Er zijn natuurlijk nog andere mogelijkheden om verplichtingen door te geven, zoals een
kettingbeding of vruchtgebruik.
Een kettingbeding is een constructie van bedingen die wordt opgelegd onder de verplichting die
telkens opnieuw aan de opvolgende eigenaar op te leggen, maar kent het euvel dat de ketting
veel te gemakkelijk kan worden doorbroken (eventueel onder betaling van de aan verbreken
verbonden boete). Als de boete minder kost dan het voordeel van verbreken van de ketting
oplevert, zal zulks gemakkelijk kunnen plaatsvinden. De gemeente ten behoeve waarvan het
kettingbeding kan worden opgenomen, kan dit niet voorkomen.
11
Theoretisch kan nog gedacht worden aan vruchtgebruik (zie vooral artikel 3:203 BW). De
gemeente zou dan boseigenaar zijn en dat in vruchtgebruik uitgeven onder restricties van
handhaving en onderhoud. Het probleem daarbij is dat het dan niet gaat om een zakelijk maar
een persoonlijk recht (op gebruik van het bos), dat weliswaar van de een op een ander kan
overgaan, maar diegenen moeten van te voren worden benoemd en moeten reeds bestaan. Het
recht is dus altijd beperkt tot met name genoemde personen die (al) leven op het moment van
vestiging. Een recht van vruchtgebruik dat van een persoon op zijn nog niet bestaande kinderen
over zou gaan of op een niet nader genoemde koper valt dus niet onder de wettelijke regeling
van vruchtgebruik.
Al met al was er feitelijk geen andere juiste keuze dan de erfdienstbaarheid of het alternatief van
boseigendom bij de gemeente en uitgifte in erfpacht. De eerste is de best haalbare in een
model.
Artikel 9, Lid 2 geeft aan dat ook artikel 7 en 8 als erfdienstbaarheid worden gevestigd. Bij 7 gaat
het dus voornamelijk om de onderhoudsverplichting. 8 kan ook wel als kwalitatieve verplichting.
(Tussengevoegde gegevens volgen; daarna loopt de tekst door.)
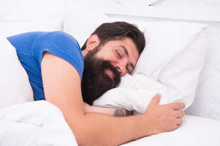 Sleeping handsome. Bearded man sleeping face relaxing on pillow. Handsome and sleepy. Sexy man sleeping in bed. Guy lying in bed try to relax and fall sleep. Enjoying beautiful morning

Er is voor gekozen om op de aangegeven wijze beiden maar in de erfdienstbaarheid te
betrekken. Dan is het ook niet nodig om redenen te zoeken waarom de ene als kwalitatieve
verplichting en de andere als (iets sterkere) erfdienstbaarheid is gevestigd.
Artikel 9, lid 3, tenslotte, legt het aantal wooneenheden vast. Hier is wel het alternatief mogelijk
van de kwalitatieve verplichting ten opzichte van de gemeente. In feite maakt het niet uit of je
voor het ene of het andere recht kiest. Maar ook hier is het slecht uit te leggen waarom de leden
1 en 2 met verwijzende artikelen als erfdienstbaarheid en lid 3 als kwalitatieve verplichting zou
worden opgelegd. Eenvormigheid achtte ik beter.